[Data entries]
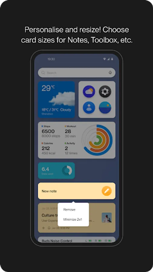 4. Step Counter or Health card: Count daily steps to keep track of your activity. When your device is connected to OnePlus Watch, you get additional data from Health app for workout, calories burnt, & activity period along with step count.
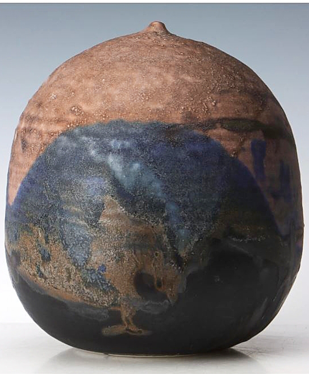 Toshiko Takaezu (American, 1922-2011) art pottery closed form glazed porcelain vessel, with rattle, incised signature, 6 ¾ by 5 ½ inches, sold for $6,250.
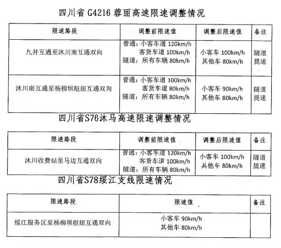 G4216蓉麗高速沐川南互通至楊柳壩樞紐互通雙向限速調(diào)整。調(diào)整前,小客車道限速每小時(shí)100公里,客貨車道限速每小時(shí)80公里,隧道內(nèi)所有車輛限速每小時(shí)80公里。調(diào)整后,全路段(包括隧道)小客車限速每小時(shí)90公里,其他車輛限速每小時(shí)80公里。
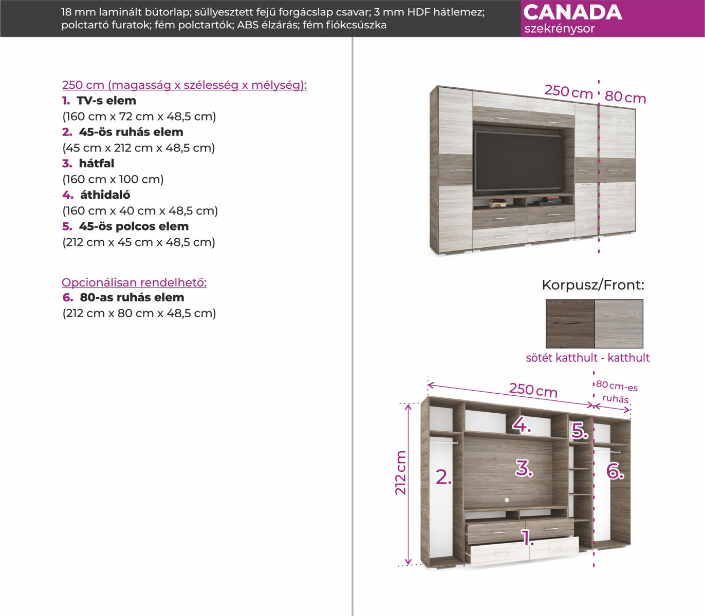 A Canada szekrénysor 250 cm-es változatban kapható. A kis tereket is otthonossá varázsolja. Opcionálisan rendelhető 80 cm-es ruhás elem.
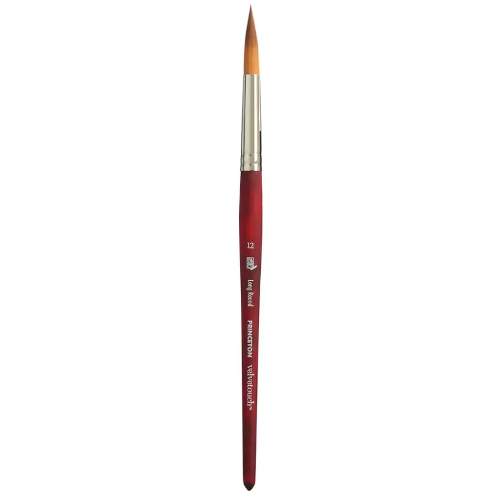Princeton Velvetouch Long Round Brush, Synthetic Bristles, Short Handle Mixed Media Paintbrush, Scarlet, Size 12, Pack of 2 | Velvetouch, from Princeton Artist Brush, presents a comprehensive collection of multi-media brushes crafted by expert brush makers, meticulously engineered to deliver superior performance across oil, acrylic, watercolor, and gouache mediums. These brushes are perfect for capturing the finest details, blocking, shading, lettering, or applying washes. Crafted with a unique blend of luxury synthetic filaments, offering exceptional versatility, enhanced color-holding capacity, and precise color placement. The signature Velvetouch handle provides a smooth, comfortable grip, ensuring better control with every stroke. With a wide array of essential, specialty, and miniature brushes, Velvetouch offers an affordable, durable, and animal-friendly solution for artists at any level. Whether you're a seasoned professional or just beginning your artistic journey, these premium brushes are designed to help you create your next masterpiece with confidence. Sold as a pack of 2.
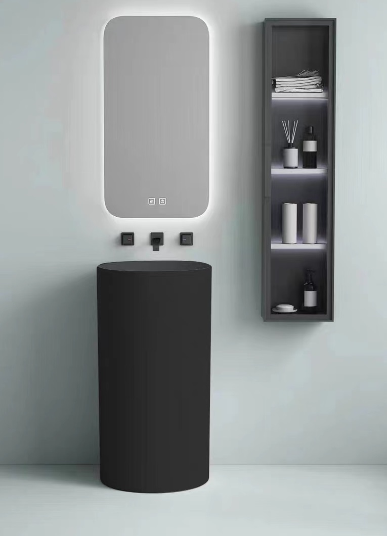 Главная Продукция РАКОВИНЫ Раковины напольные Раковина керамическая напольная (моноблок) чёрная матовая без отверстия под смеситель.
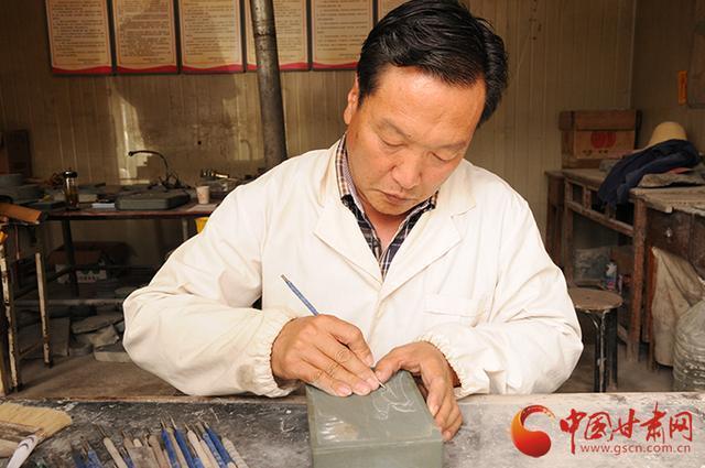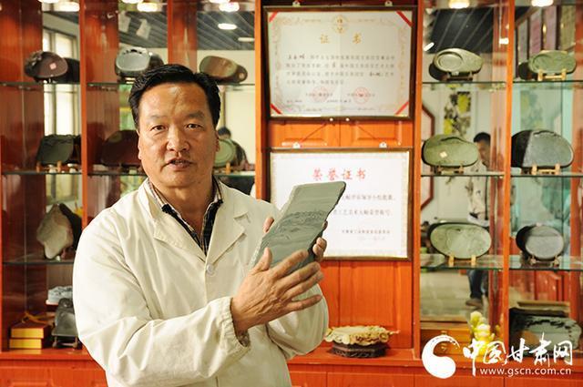 他就是国家级制砚艺术大师、甘肃省一级工艺美术大师,甘肃省卓尼洮砚协会会长、卓尼县喇嘛崖洮砚有限责任公司董事长王玉明。
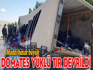 Edinilen bilgiye göre, sabah saatlerinde Erzurum'un Aşkale ilçesinde Erzincandan Erzurum istikametine seyir halindeki 07 ALJ 573 plakalı Domates yüklü TIR Aşkale Belediyesi Kır Düğün Salonu mevkiine geldiğinde sürücüsünün direksiyon hakimiyetini kaybetmesi sonucu orta refüje düşerek yan yattı.
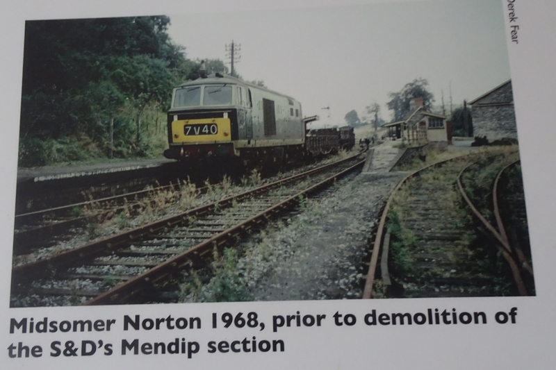 Midsomer Norton and the S n D closed on March 7th 1966. Here on one of the excellent station info boards is a Hymek on a demolition train, North British 63 ers also worked these demolition trains
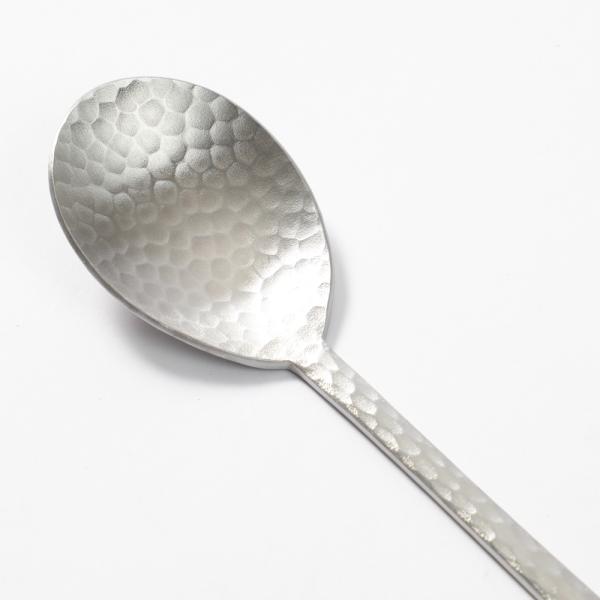 鎚目のカトラリーでも珍しく、ツボ部分にまで鎚目がつけられたロングスプーンです。全面に施された手作り感のある鎚目が暖かさと高級感を引き立ててくれて、傷も目立ちにくくなります。海外ブランドのカトラリーのように大きすぎることがなく、日本人の体のサイズに合わせたちょうどいい大きさに作られています。新潟県燕市で生産されているこちらのスプーンは、持ちやすさにこだわり柄に厚みとゆるやかなカーブを持たせることで手の形にフィットするようにデザインされています。
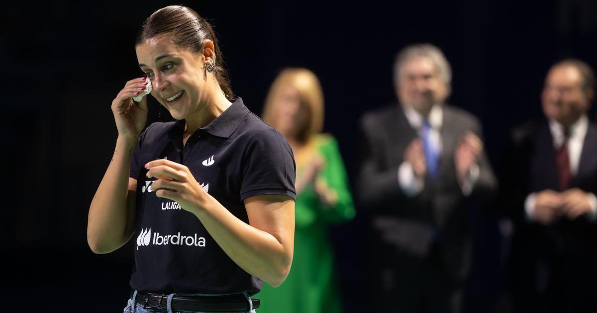 La jugadora de bádminton Carolina Marín, que se despide del deporte profesional, ha recibido este domingo un caluroso homenaje en el Palacio de los Deportes que lleva su nombre en Huelva, donde se está celebrando en Campeonato de Europa de bádminton y en donde quedará colgada para siempre su camiseta.
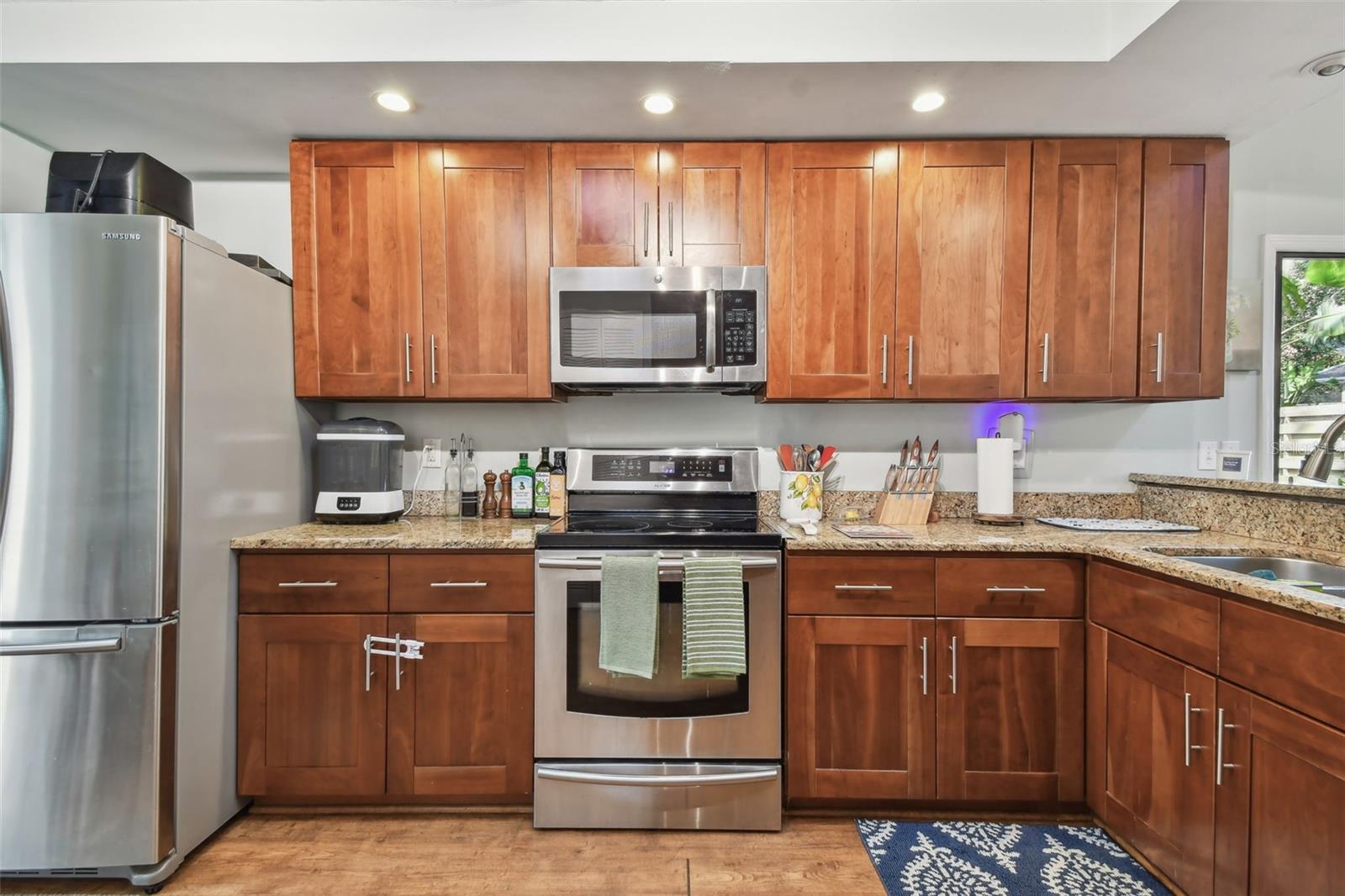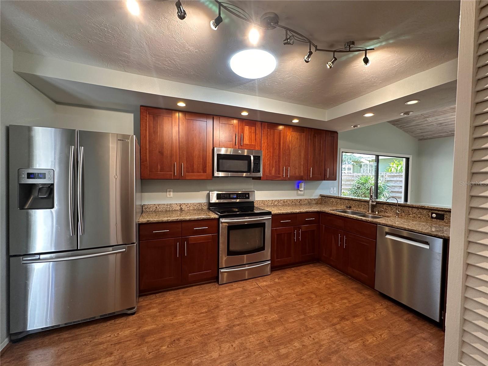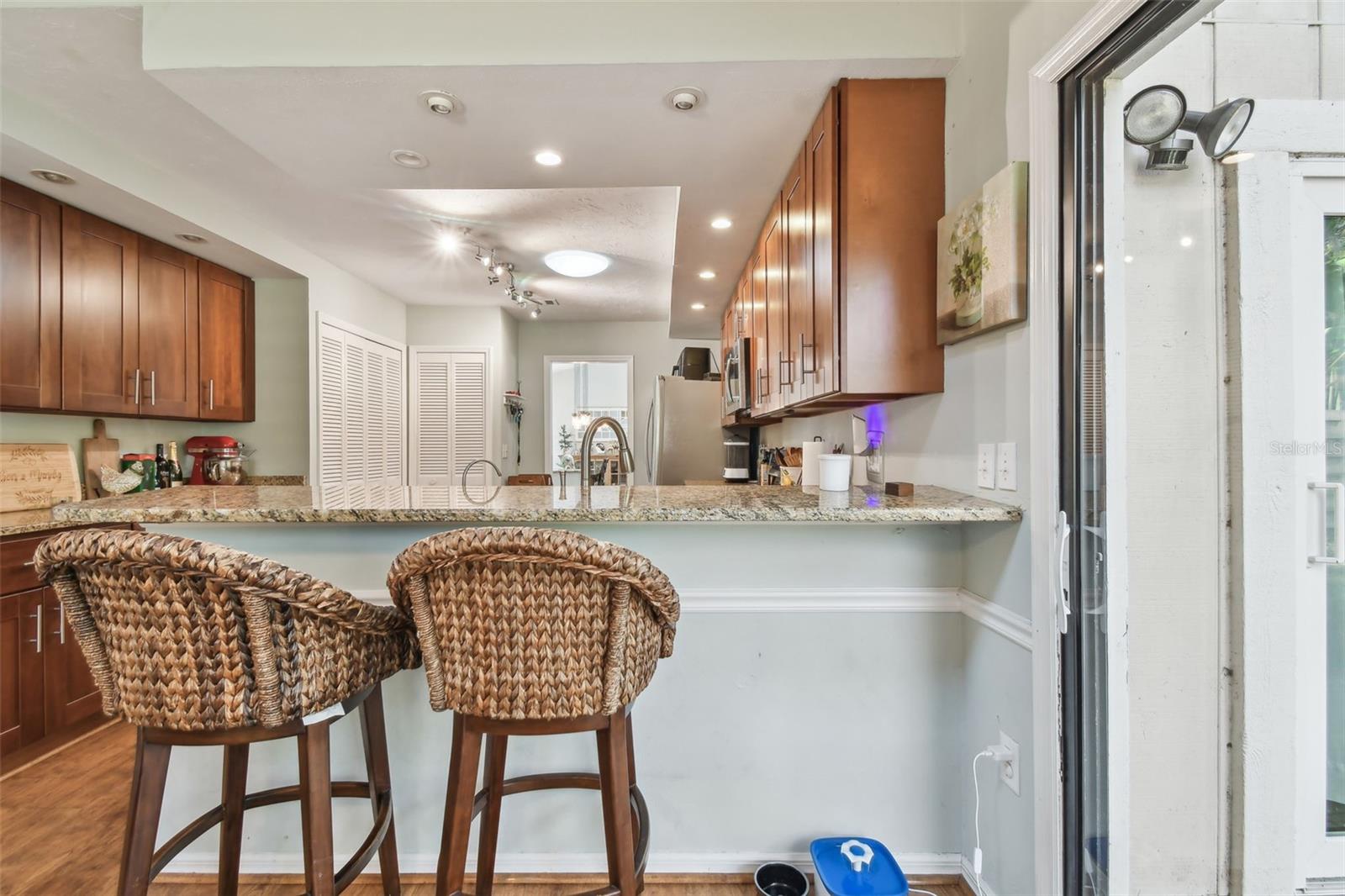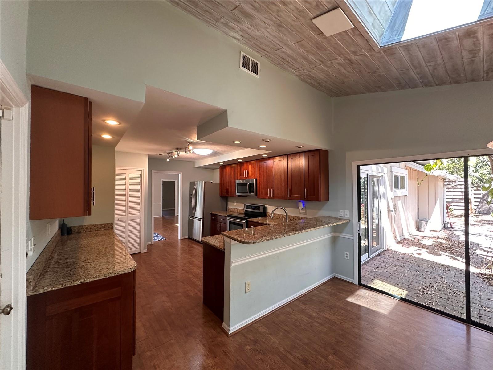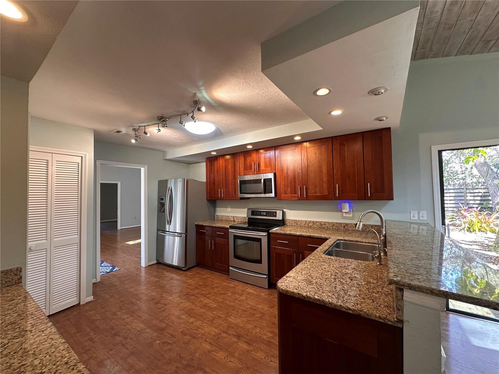 MOTIVATED SELLER! BRAND NEW ROOF (Dec 2024)! NEW AC!! This spacious 3/2 home with 2 car garage on 1/3 acre lot with FULLY FENCED BACKYARD boasts an open concept floorplan with high ceilings, big windows, and skylights to showcase its openness and natural lighting throughout. The family/dining room has vaulted ceilings, a wood burning fireplace and a built in surround sound system. The oversized master bedroom has a comfortable sitting area overlooking the patio and partially brick paved backyard. Master bathroom has dark granite counters, dual vanities, step in shower with double shower heads, and huge walk in closet customized with California Closets. Kitchen has lots of cabinets space and equipped with roll out shelves, newer stainless steal appliances, granite countertops and a quaint eating space with sliding glass doors leading to the backyard. Take note of the subtle and elegant details such as 2 panel shaker bedroom doors and plantation shutters throughout, french doors, and custom wood ceiling accent in breakfast nook. New exterior paint, aluminum soffit, whole house water filtration system, reverse osmosis system, and impact windows (with the exception of sliders and enclosed lanai windows) add even more to this home. Nestled away in the neighborhood of Sylvan Lea with lush greenery and mature trees provide a sense of privacy while being just a short distance to Sarasota's main arteries, Bee Ridge and Fruitville Roads and I-75. Close proximity to great schools, retail, the Celery Fields, UTC, hospitals and more.

» **Task to complete**: Every line from the top of the entries through the line that holds "G4216蓉麗高速沐川南互通" is to be quoted exactly, please, and nothing else; omit the pictures.

» **Response to the exercise**:
 4. Step Counter or Health card: Count daily steps to keep track of your activity. When your device is connected to OnePlus Watch, you get additional data from Health app for workout, calories burnt, & activity period along with step count.
 Toshiko Takaezu (American, 1922-2011) art pottery closed form glazed porcelain vessel, with rattle, incised signature, 6 ¾ by 5 ½ inches, sold for $6,250.
 G4216蓉麗高速沐川南互通至楊柳壩樞紐互通雙向限速調(diào)整。調(diào)整前,小客車道限速每小時(shí)100公里,客貨車道限速每小時(shí)80公里,隧道內(nèi)所有車輛限速每小時(shí)80公里。調(diào)整后,全路段(包括隧道)小客車限速每小時(shí)90公里,其他車輛限速每小時(shí)80公里。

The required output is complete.